Sunday, June 14, 2009

How the guidance has worked

Having recently read that guidance does not stop just because it seems to I must continue to trust it and see it in all the smallest areas as well as largest. Like today when I had various dubious plans for an otherwise dead saturday, and slept so badly I stayed in. That allowed me to both plant the new flowers I'd been given before they died and scan more photos online as there was little else to do, and also caught up on my recorded videos besides the one last night that didn't work (Mr Ferguson say 'Record three programmes a day, we kill one. It's the law of the video'). I can't think of a day I recorded a few programmes and they all got done, it's like it becomes fed up and tells you to fuck off. And despite some programmes going on demand they aren't all.

I am just keeping up with the free time. Being let out of school or prison is the same. You feel great but not when you run out of things to do. Business may be taken care of but pleasure has different rules. I have managed to keep busy each day without knowing what I was doing the day after. I know exactly the levels I need to reach, partly the ones of the past when I lived with a family and in a more civilised area, and partly the career level of being at the top. I haven't rushed. I started drama lessons at 14, started performing at 16 in clubs and whatever else I've done have never neglected that side without being able to join the all powerful union. That is like trying to do a marathon with one leg. It is possible but will take 100 times longer than someone with two. As it has in my media career. But they didn't stop it, they just delayed it as loopholes were found and I am now seen worldwide without the need to join any acting or journalism union. It's the hard way but not impossible.
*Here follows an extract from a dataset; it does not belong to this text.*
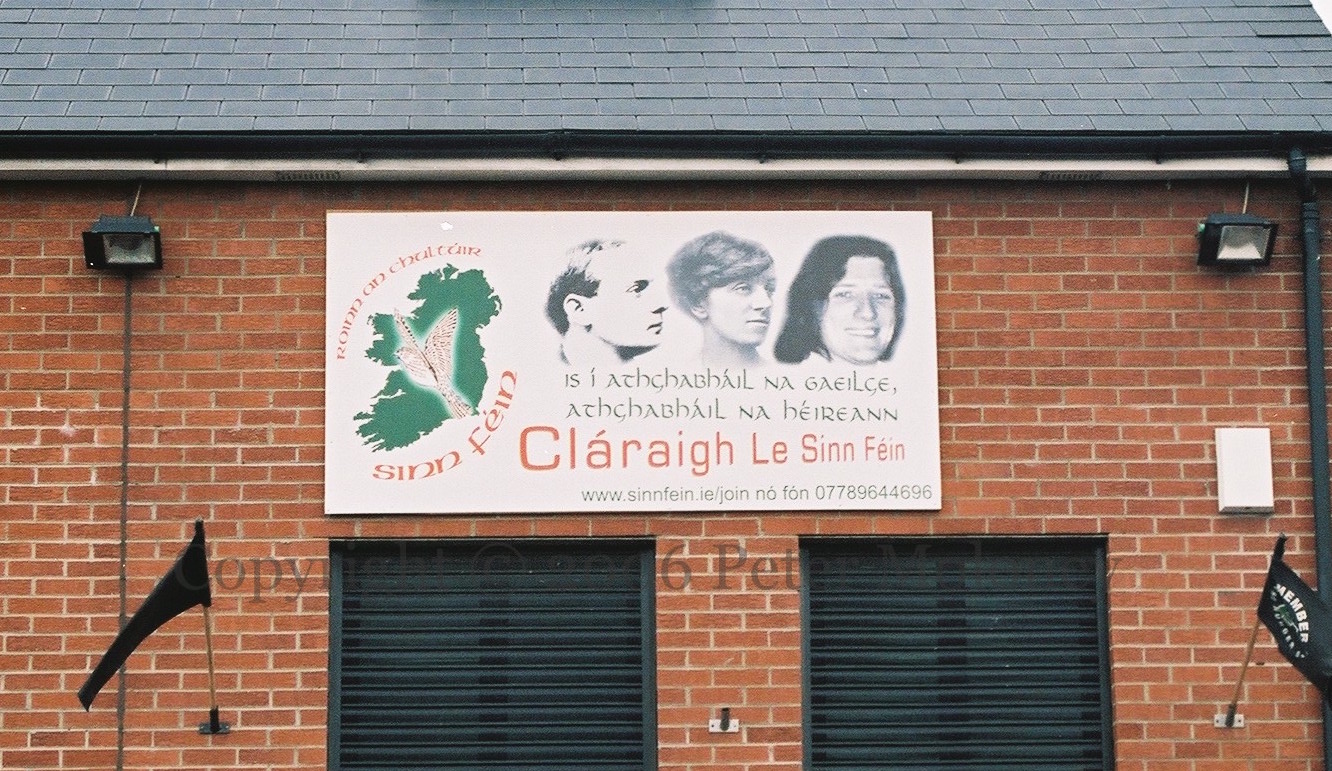 These two “Join Sınn Féın” boards are above the Sınn Féın office on the Falls Road, Belfast. “Don’t wish for a united Ireland, work for it.”The second, with portraits of Pearse, Carney, and Sands, is an example of the Irish-language rights campaign which becomes a central policy around this time: Is í athgabháıl na Gaeılge athgabháıl na hÉıreann [the repossession of Irish is the repossession of Ireland]. (See previously Cearta Teanga, Cearta Daonna.)

Now I need to finish what I started before I'm at retirement age, what's the point of a successful media career with too few years to exploit it? You don't get many groupies at 60 do you? Currently the media career is over as in no more projects left, but the way it works is I get a call from a producer or a journalist, we have an informal chat, some call back and do a full interview and maybe a fifth end up being used. But it's now quality rather than quantity, one national paper or terrestrial TV station is all it needs and I can do satellite stuff annually and not make a scratch on the mirror of fame. It's watched by a lot of people worldwide but very few in each country, terrestrial is all here and watched by millions who recognise you the next day in the street. Having experienced that once it's not an illusion. Five seconds on Channel4 peak time, no speaking, I was mobbed when I went to the gym. That is power. Get in the paper and old friends who'd lost track of you can all the paper and find you again, these things all link together and fill in social gaps as well as career ones.

The guidance can't just be to a normal life as that happens with none and always randomly, good and bad. Instead if guided it must have an aim and being directed to actual ambitions whatever I do in response. It's about aiming in a direction and seeing how you get there with no map. There's no direct path to fame, enlightenment or marriage. You just have to choose it and want it to happen and see how you get there. The guidance fills the links that aren't there otherwise and allows a project to be complete. The old road signs allowed me to see it work, four steps or more to get a goal and in the case of the woman at the library maybe two goals at once. And the first ever example when I had run out of signs and activities, googled old signs for 3 hours, found one, went there a different way from usual and found another on the way and a third by making a wrong turning as someone had named the wrong road which was the one I was on next to it.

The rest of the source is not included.